This is better than using only one fixed guiding principle to schedule your work

Keith A. Steel, IMMPOWER Division, Walker, Oakville, Ont., Canada

Any plant that has a significant backlog of maintenance work orders knows the difficulties of deciding what work orders will be scheduled and when to schedule them. Scheduling becomes even more difficult when the same crews complete corrective maintenance jobs as well as take care of the preventive maintenance (PM) work.

Walker0 copyScheduling is even more complicated in the plant that understands the benefits of detailed planning and plans work orders with several jobs. Each job may have more than one resource estimate for skilled technicians, contractor craft workers, special tools, or equipment. It is impossible to effectively schedule by hand a work order with several multi-skilled jobs.
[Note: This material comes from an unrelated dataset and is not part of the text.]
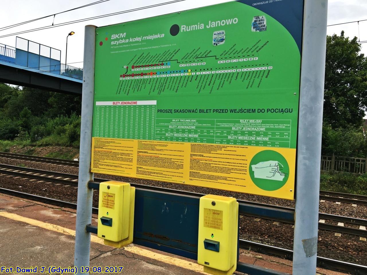 Opis ogólny: Stacja pełni rolę przystanku. Budynek dróżnika, w którym w latach 80 znajdowały się kasy biletowe został zburzony 17 - 18 maja 2005 (info: Robert Chrzanowski, 2005-05-21) Kasa nie jest czynna całą dobę. (info: Bartek Jaszczur, 2005-08-25) DANIEL NACZK.”Kolej w Rumi”.Rumia to ponad czterdziestotysięczne miasto położone na terenie Pradoliny Kaszubskiej w województwie pomorskim. Usytuowane przy trasie międzynarodowej (droga nr 6), łączącej Gdańsk ze Szczecinem, od wschodu graniczące z Gdynią, od zachodu z Redą. Dzisiejsze miasto skupia w swych granicach pięć dawnych osad wiejskich: Rumię, Zagórze, Białą Rzekę, Szmeltę, Janowo i kilka zapomnianych już dziś przysiółków. Istotne zmiany w życiu gospodarczym Rumi i Zagórza poczyniło włączenie obu wsi w obręb pruskiej sieci kolejowej. Dokonało się to za sprawą oddanej do użytku w latach 1869-1870 tzw. Kolei Pomorskiej z Koszalina do Gdańska, która wkrótce zapewniła kolejowe połączenie Gdańska ze Szczecinem. W dniu 16.10.1866 roku odbyło się zebranie właścicieli gruntów w Rumi, Ludwikowie, Białej Rzece i Krępcu, przez które to miała przebiegać linia kolejowa, poświęcone sprawie odszkodowań za wywłaszczone grunty. 24 kwietnia 1867 roku Towarzystwu Kolei Berlińsko – Szczecińskiej przyznano koncesję na budowę odcinka ze Słupska do Gdańska, a wiosną 1869 roku przystąpiono do pierwszych wywłaszczeń i wykupu gruntów. W czerwcu 1869 roku na terenie Rumi i Janowa przystąpiono do prac budowlanych, rozpoczynając je od Białej Rzeki i Zagórza, zgodnie z przebiegiem linii z zachodu na wschód. Rozbudowa infrastruktury kolejowej dotyczyła zarówno samego toru, jak i mostów oraz strażnic kolejowych (Bahnwärterhaus), zlokalizowanych wzdłuż toru. Tym ostatnim warto się bliżej przyjrzeć. W opracowaniu Krzysztofa Labuddy czytamy: „Powstawały one na skrzyżowaniach z drogami kołowymi lub też dodatkowo pomiędzy strażnicami przejazdowymi – wówczas pełniły rolę posterunków odstępowych lub też siedziby pracowników torowych, odpowiedzialnych za dany odcinek linii. Ujednolicony budynek strażnicy składał się z części służbowej, większej części mieszkalnej i części gospodarczej, w formie przybudówki mieszczącej chlew oraz ustęp”( K. Labudda, „Dzieje kolei w Rumi”, „Świat Kolei” 2004, nr 10, s.22-23.). Na obszarze obecnej Rumi wybudowano pięć tego rodzaju obiektów, do dziś zachowały się trzy budowle. Pierwszą jest strażnica nr 231 na terenie dawnego Ludwikowa, przy skrzyżowaniu z obecną ulicą Mazurską, kolejną o numerze 232 wybudowano w Białej Rzece (skrzyżowanie z ulicą Zbychowską), strażnica nr 233 mieści się w Zagórzu (ul. Towarowa 17, nr 234 w Janowie przy ulicy Sobieskiego, nr 235 w Krępcu (granica miasta Rumi i Gdyni – obecnie nie istnieją strażnice usytuowane niegdyś w Białej Rzece i Rumi-Janowie. Budynki te stanowią ciekawy przykład XIX-wiecznego budownictwa kolejowego, wznoszone z cegły ,otynkowane w późniejszych latach, nierzadko posiadały zdobnicze detale architektoniczne, których ślady można było dostrzec na zrujnowanym obiekcie w Janowie, tuż przy przystanku kolejowym. (Dnia 14.05.2005 roku obiekt rozebrany!). Drewniane zdobienie krawędzi dachowej odpowiadało gustom ówczesnej architektury, zarówno kolejowych budynków stacyjnych, jak i powszechnej manierze zdobienia domostw wiejskich, małomiasteczkowych. Niestety janowski zabytek nie podlegał ochronie konserwatorskiej i niszczał w zastraszającym tempie. Pozostałe trzy budynki dawnych strażnic służą obecnie jako domy mieszkalne. Oficjalne otwarcie kolei nastąpiło 1.09.1870 roku, jednakże na terenie dzisiejszej Rumi, w żadnej z dawnych wsi nie otworzono stacji kolejowej. Dopiero 10.12.1880 roku otwarto przystanek osobowy Rahmel (Rumia), na którym zatrzymywały się pociągi osobowe i pospieszne. Po roku 1891r. (dekretem Dyrekcji Królewskiej Kolei Wschodniej w Bydgoszczy) przystąpiono do prac projektowych nad zagospodarowaniem zagórskich terenów kolejowych. Na początku 1907 roku zmieniono plany i ruszyła budowa nowej stacji kolejowej, rozbudowa torów i placów ładunkowych, placu składowego drewna i rampy załadunkowej. W sąsiedztwie stacji wybudowano piętrowy budynek mieszkalny z czerwonej cegły przeznaczony dla pracowników kolei i zabudowania gospodarcze. Obiekt istnieje do dziś (ul. Towarowa13.) W bliskiej odległości znajdowała się również karczma. Oddana do użytku otrzymała nazwę Rahmel-Sagorsch (Rumia-Zagórze). Przedsiębiorstwo Ostdeutsche Kalkmergelwerke G.m.b.H z Gdańska z położonym w pobliżu stacji zakładem produkcyjnym, doprowadziło do poprowadzenia na teren fabryczny kolejki wąskotorowej. Zachował się budynek dawnego przedsiębiorstwa, dziś dom mieszkalny przy ulicy Morskiej. Ciekawy architektonicznie budynek stacji Rahmel-Sagorsch, którego budowa wiosną 1916 roku została zakończona, nie dotrwał do naszych czasów, wysadzili go Niemcy w dniu 12.03.1945 roku . Wiadukt drogowy w Janowie również uległ zniszczeniu. Obiekt ten zbudowano w 1908 roku, miał on konstrukcję ze zbrojnego betonu, wiadukt łukowy z jezdnią u góry. Projekt sięgający jeszcze 1869 roku (kładka dla pieszych) zrealizowała firma Grabower Cementstein-Fabrik „COMET” G.m.b.H. ze Szczecina za kwotę 7925 marek. W 1981 roku oddano do użytku kładkę dla pieszych nad przystankiem w Rumi-Janowie, którą wybudowano na miejscu dawnego wiaduktu drogowego, zachowały się dwa nasypy ziemne, na których usytuowany był dawny obiekt. W końcu 1934 roku Towarzystwo Budowy i Eksploatacji Mieszkań dla Pracowników Kolejowych wybudowało osiedle, składające się z 34 bliźniaczych domków wolnostojących, mieszczących po dwa mieszkania i posiadających użytkowe poddasze. Domy posiadały własne działki i wybudowane obok nich zabudowania gospodarcze. Osiedle zwane Osadą Kolejową zachował

This is especially true when there is any kind of interdependence or networking between the jobs.

In many plants, the scheduling function consists of maintenance and operations supervisors deciding on a daily basis which jobs are to be done the following day. The input to this scheduling meeting is a list of backlog work orders with their priorities. General consideration is given to whether the right skills, tools, materials, permits, and equipment are available.

It is impossible to optimize the usage of rental cranes or specialized contractors, with resulting heavy costs for these under-utilized resources. In addition, focusing only on creating a schedule for the next day or even the next week causes some critical targets within the next month to be missed. The manual scheduling is nothing more than a best guess.

Even with the advent of computerized maintenance management systems (CMMS), scheduling is a very basic, non-optimized function. Typically, the CMMS displays the available man-hours by skill and as jobs are scheduled manually, these available man-hours are decremented.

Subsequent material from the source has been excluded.